PRIMARY_POSITION (integer) Posição ordinal (baseada em 1) da coluna na chave primária.
IDENTITY (boolean) TRUE se a coluna usa um valor autogerado.

Note: Como o Campo de Metadados IDENTITY Relaciona-se com SGBDRs Específicos

O campo de metadados IDENTITY foi escolhido como um termo 'idiomático' para representar uma relação de chaves substitutas. Este campo pode ser vulgarmente conhecido pelos seguintes valores: --

  • IDENTITY - DB2, MSSQL

  • AUTO_INCREMENT - MySQL/MariaDB

  • SERIAL - PostgreSQL

  • SEQUENCE - Oracle

Se não houver nenhum tabela que se encaixe com o nome da tabela e nome de esquema opcional especificado, então describeTable() retorna uma matriz vazia.

Fechando uma Conexão

Normalmente não é necessário fechar uma conexão de dados. PHP limpa automaticamente todos os recursos ao final de uma requisição. Extensões de Banco de Dados são projetadas para fechar a conexão assim que a referência para o objeto do recurso é eliminada.

No entanto, se você tem um script de longa duração PHP que inicia muitas conexões de banco de dados, talvez seja necessário encerrar a conexão, para evitar um esgotamento da capacidade de seu servidor SGBDR. Você pode usar o método closeConnection() da classe adaptadora fechar explicitamente a conexão de dados subjacente.

Desde a versão 1.7.2, você pode verificar se está conectado ao servidor SGBDR com o método isConnected(). Isso significa que um recurso de conexão foi iniciado e não foi fechado. Essa função não é atualmente capaz de testar, por exemplo, um fechamento do lado servidor da conexão. Ela é usada internamente para fechar a conexão. Isso permite que você feche a conexão várias vezes sem erros. Já era o caso antes de 1.7.2 para adaptadores PDO, mas não para os outros.

Example #32 Fechando uma Conexão com o Banco de Dados

$db->closeConnection();

Note: Zend_Db Suporta Conexões Persistentes?

Sim, a persistência é suportada através da adição da propriedade persistent definida como TRUE na configuração (não em driver_configuration) de um adaptador em Zend_Db.

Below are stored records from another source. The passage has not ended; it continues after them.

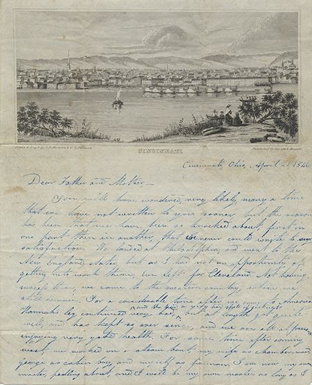 Fine content A.L.S. on illustrated letterhead showing the city of Cincinnati, 4pp. 4to., Cincinnati, Apr. 21, 1844 in which Jonas and Hannah Bandsley write to their parents in England for the first time since they arrived in America. In part: "...We landed in Philadelphia, and went to the New England states...I had not an opportunity of getting much work there, we left for Cleveland. Not having success there, we came to the western country, where we still remain...we worked on a stem boat...I am now my own master...we went one trip up the Red River, three hundred miles further than any other boat went before, right up amongst the Choctaw, Cherokee and other indian tribes. While up there our boat was wrecked...we had not means of getting back...but by means of indian canoes, incamping at night in the woods...crocodiles, alligators, bloodsuckers, vampires, and other dangers...in the woods were bears, wolves &c but the most nearly ate us up were the musquitoes...George took bad of the billious fever...it is desperate hard work to get hold of money...Hannah has got many of the Yankee way; she is obliged to have the floor carpeted to save her hurting her knees by cleaning. She has little to do but rock herself in the chair...". Folds and somewhat soiled, still quite good.
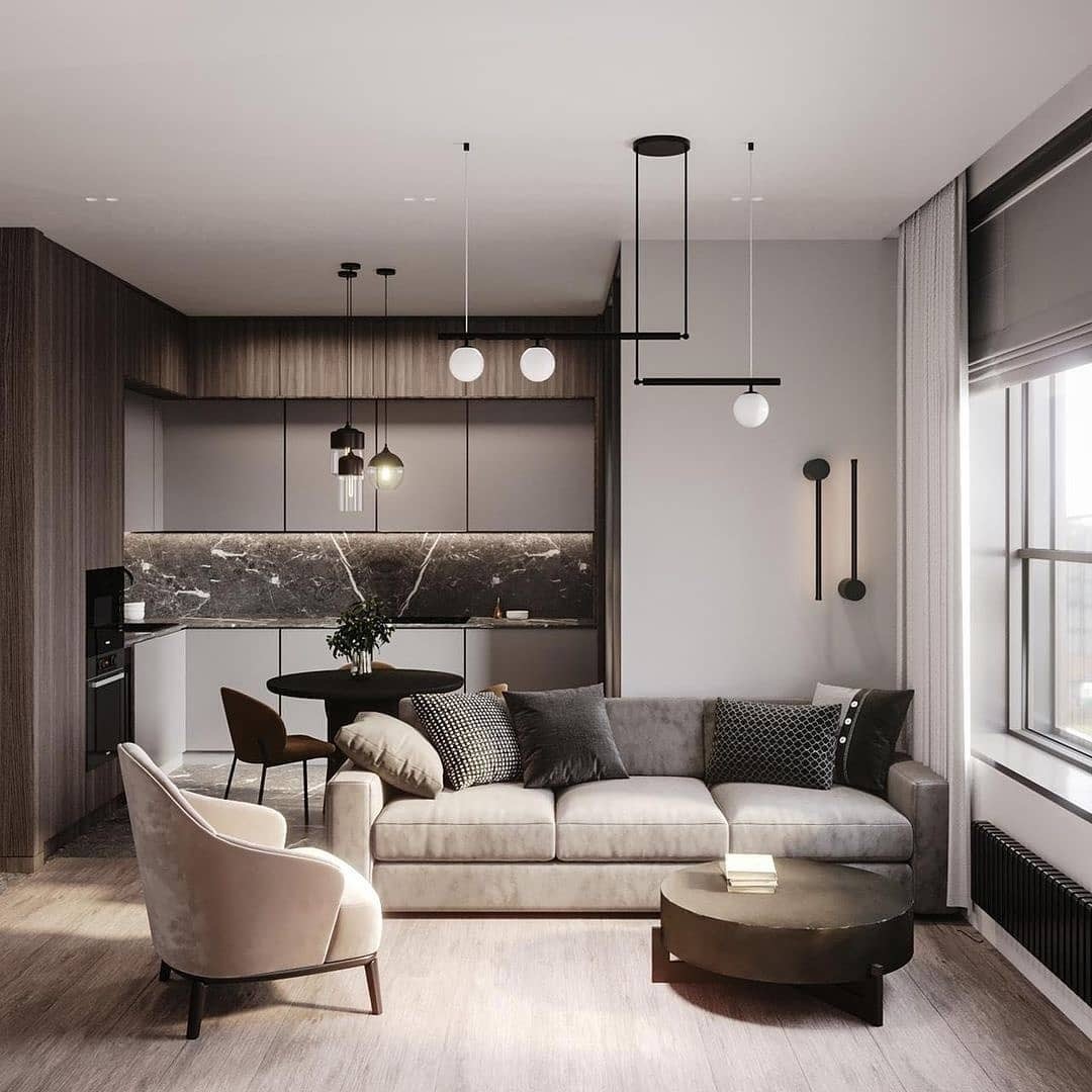 沙发靠窗摆放,通过时尚的灯具来营造氛围感。
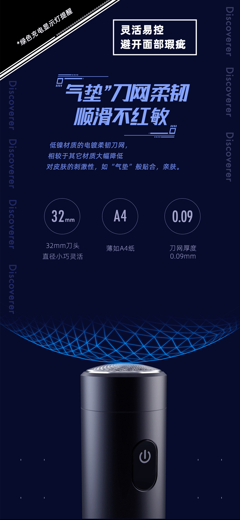 小品生态链须眉出品,剃须刀,32mm直径刀头,外型有点像大号的口红,简洁质感,符合小米一贯的风格,体积小巧,适合出差旅行携带。特色是刀网的涡轮结构,0.09mm厚度,亲肤贴合,925个孔洞以回旋形式逐渐增大,剃须没有死角,同时避免拉扯、卡顿现象。
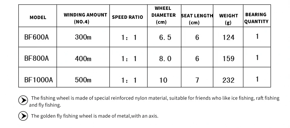 1. La rueda de pesca está hecha de material de nailon reforzado especial, adecuado para amigos que les gusta la pesca en hielo, la pesca en balsa y la pesca con mosca.
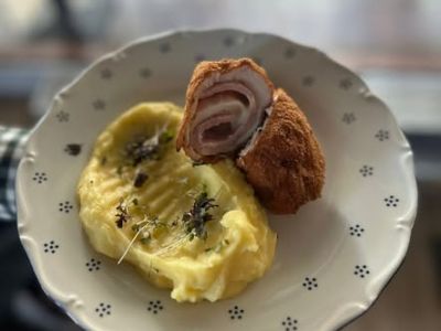 • Záhoracký závitek z kotletky, šťouchané brambory
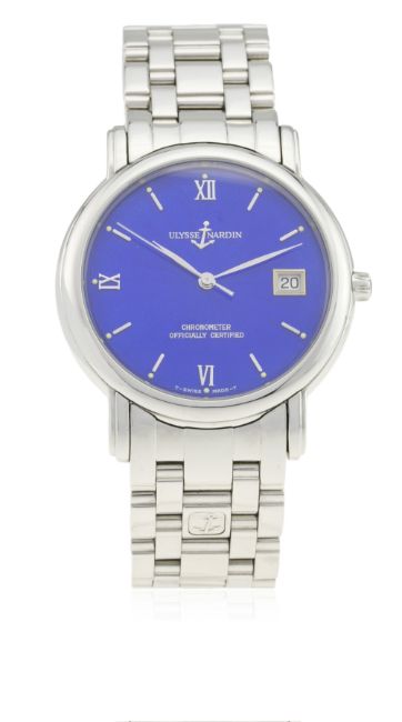 A GENTLEMAN'S STAINLESS STEEL ULYSEE NARDIN SAN MARCO AUTOMATIC CHRONOMETER BRACELET WATCH CIRCA 1990s, REF. 133-77-9 WITH ULYSSE NARDIN BOX D: Blue enamel guilloche dial with silver batons & quarterly Roman numerals, date aperture. M: Automatic chronometer movement, signed Ulysee Nardin & numbered. C: Circular case, signed Ulysee Nardin & numbered, case back embossed with the Lion of San Marco, original crown, case diameter measures approx. 37mm. B: Original stainless steel Ulysee Nardin bracelet.CONDITION REPORT D: Original dial in excellent condition. M: Working at present. C: In excellent condition, with some light scratches due to general use. B: In excellent condition. D: Dial / M: Movement / C: Case / S: Strap / B: Bracelet

Example #33 Usando a Propriedade Persistence com o Adaptador Oracle

$db = Zend_Db::factory('Oracle', array(
    'host'       => '127.0.0.1',
    'username'   => 'webuser',
    'password'   => 'xxxxxxxx',
    'dbname'     => 'test',
    'persistent' => true
));

Por favor, note que o uso de conexões persistentes pode causar um excesso de conexões inativas no servidor SGBDR, o que leva a mais problemas do que qualquer ganho de desempenho que você possa obter por reduzir a sobrecarga de fazer conexões.

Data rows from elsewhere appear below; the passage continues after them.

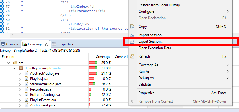 - Make a right click in the coverage view and click on export session
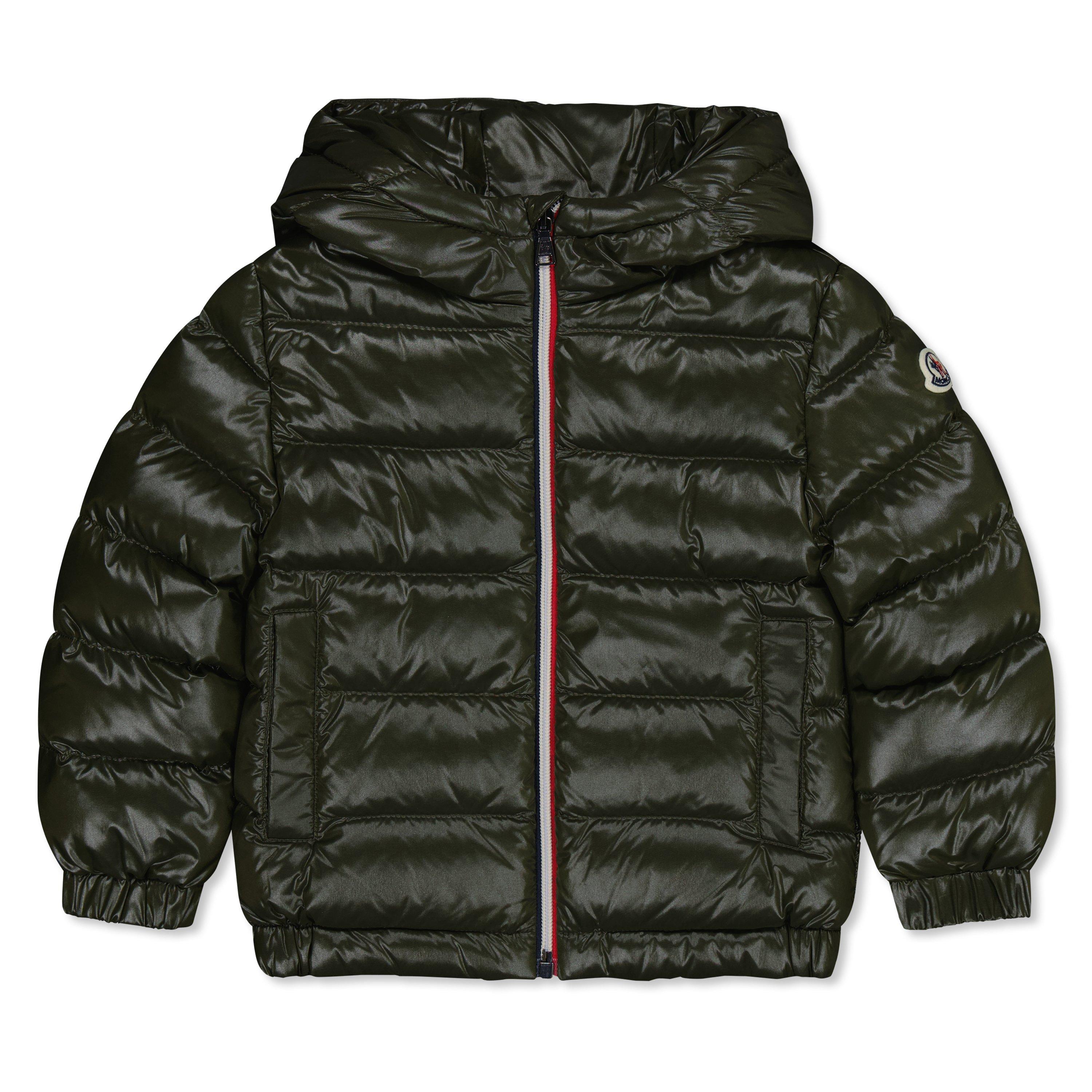 - Felt logo patch on sleeve adds Moncler heritage to kids' adventuresbert Down Jacket: the perfect treat for your youngster. Meticulously crafted from premium nylon laque, this design boasts a sleek and durable design built to withstand any weather conditions. A hooded neckline provides added protection from the elements, while the long sleeves with elasticated cuffs offer a snug and comfortable fit. The central zip fastening ensures a snug fit and is flanked by two welt pockets for easy and convenient access to essentials.
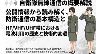 HF無線 【解説】自衛隊通信の現況─各周波数帯の用途概論 【本記事をお読みいただく前の注意点】本稿は、長年専門誌等で扱われてきた公開情報に基づき、日本の電波利用の歴史と技術的変遷を記録するものです。現在、暗号化のないアナログ通信の傍受は法規制の対象外ですが、近年の安保環境の変化に伴う新法制定(スパ... 2025.10.30 HF無線おすすめ記事ミリタリー無線
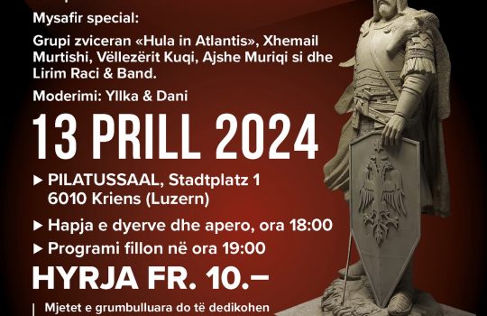- Koncert i madh me moton “Skënderbeu na bashkon”Më 13 prill, të shtunën, mbahet koncerti me nismën e shoqatës...
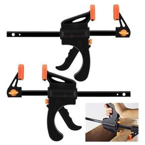 Além disso, o kit conta com 4 grampos alicate plástico para marceneiro, com dimensões de 9 x 7 x 1,5 cm. Feitos em aço carbono e PP, esses grampos são modernos e articulados, proporcionando melhor aderência à superfície. Possuem dentes na base para uma fixação precisa e cabo com sistema de mola, gerando maior pressão.
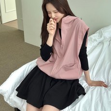 럭키제이 후드 바람막이 조끼 바스락 스트링 경량 베스트 여성 루즈핏 아우터

Conexões de banco de dados tem estado. Isto é, alguns objetos no servidor SGBDR existem no escopo de sessão. Exemplos são bloqueios, variáveis de usuário, tabelas temporárias, e informações sobre as consultas mais recentemente executadas, tais como linhas afetadas e o último valor gerado de id. Se você usa conexões persistentes, a sua aplicação pode acessar dados inválidos ou privilegiadas que foram criado em uma solicitação PHP anterior.

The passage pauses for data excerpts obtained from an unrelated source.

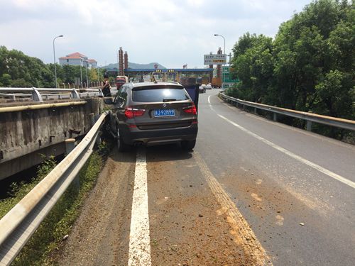 8月13日上午10:30分左右,臺(tái)州收費(fèi)所出口寧向匝道口有一輛黑色寶馬X3斜靠在護(hù)欄旁,其車頭左側(cè)因碰撞護(hù)欄而嚴(yán)重凹陷,左前輪胎報(bào)廢。 當(dāng)時(shí),該所出口五號(hào)車道的欄桿發(fā)生故障,需要暫時(shí)關(guān)閉進(jìn)行維修。班長(zhǎng)張海勇在內(nèi)廣場(chǎng)引導(dǎo)車輛時(shí)發(fā)現(xiàn)此起事故,走近細(xì)看,由于碰撞激烈該車前檔玻璃破裂,前排安全氣囊彈出,而車旁的兩個(gè)人驚恐未定不知所措。此時(shí)匝道口車流不斷,因駕駛員遲遲找不到三角牌,為避免二次事故的發(fā)生,張海勇在車后方指揮交通,并提醒車旁人員站在護(hù)欄外安全位置,同時(shí)報(bào)告指揮中心事故車的位置和損傷情況。
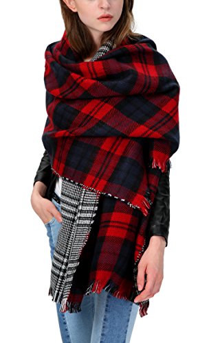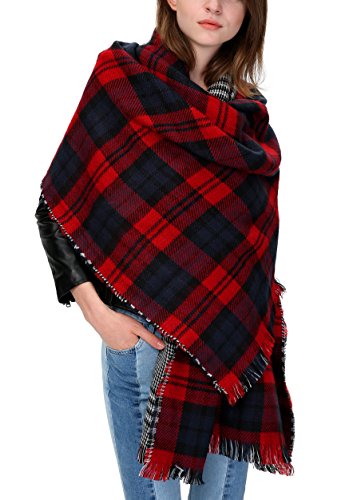 (Urban CoCo)/Accessories/Scarves/DIRECT FROM USA/Urban CoCo Women's Tartan Plaid Blanket Scarf Winter Checked Wrap Shawl (Series 1 red)
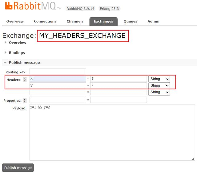 然后我们再发送一条消息,消息的headers中有两个属性:x=1,y=2:
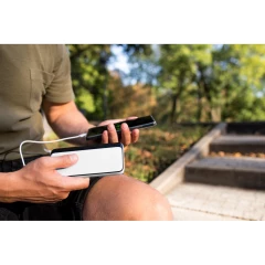 Power bank 10000 mAh, posiada cyfrowy wyświetlacz poziomu naładowania, wejście USB-C 5V/3A, 2 wyjścia USB-C 5V/3A oraz wyjście USB 5V/3A, możliwość ładowania trzech urządzeń jednocześnie, kabel USB-C do USB-C w komplecie, produkt wykonany z ABS
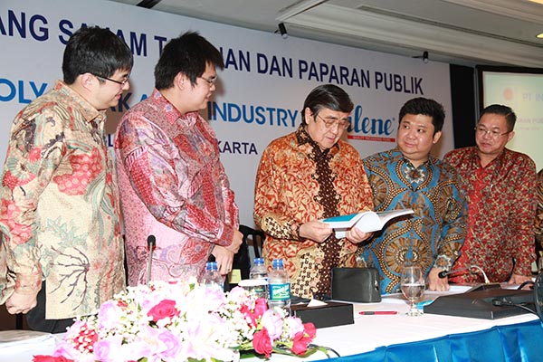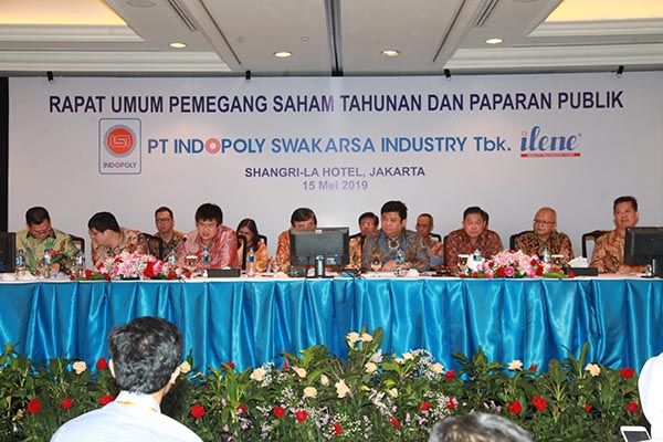 Presiden Direktur PT Indopoly Swakarsa Industry Tbk, Henry Halim (tengah) berbincang bersama direksi lainnya usai Rapat Umum Pemegang Saham (RUPS) yang dilakukan di Jakarta, Rabu 15 Mei 2019. Pada akhir tahun 2018, PT Indopoly Swakarsa Industry Tbk membukukan pertumbuhan laba bersih 130,7% menjadi US$4,85 juta dibandingkan akhir tahun 2017 sebesar US$2,10 juta. Atas persetujuan RUPS, perseroan membagikan dividen tunai sebesar 27,57% dari laba bersih atau setara Rp3 per lembar saham. Dengan demikian total laba bersih yang dialokasikan sebagai dividen mencapai US$1,34 juta.
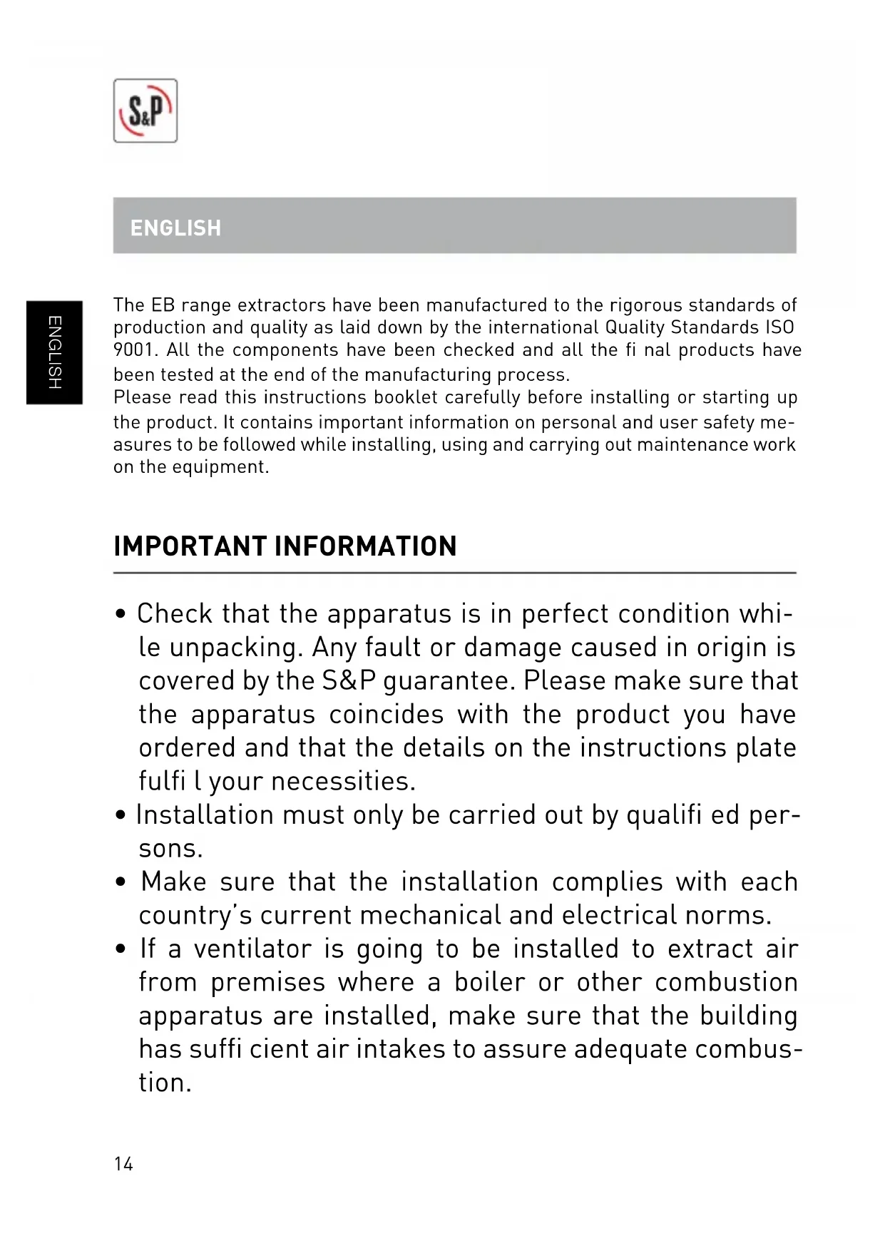 - Check that the apparatus is in perfect condition whi- le unpacking. Any fault or damage caused in origin is covered by the S&P guarantee. Please make sure that the apparatus coincides with the product you have ordered and that the details on the instructions plate fulfi l your necessities.

Atualmente, apenas Oracle, DB2, e os adaptadores PDO (onde especificado pelo PHP) suportam persistência em Zend_Db.

Rodando Outras Declarações de Banco de Dados

Pode haver casos em que você precisa acessar o objeto de conexão diretamente, como provido pela extensão de banco de dados PHP. Algumas dessas extensões podem oferecer recursos que não são cobertos por métodos de Zend_Db_Adapter_Abstract.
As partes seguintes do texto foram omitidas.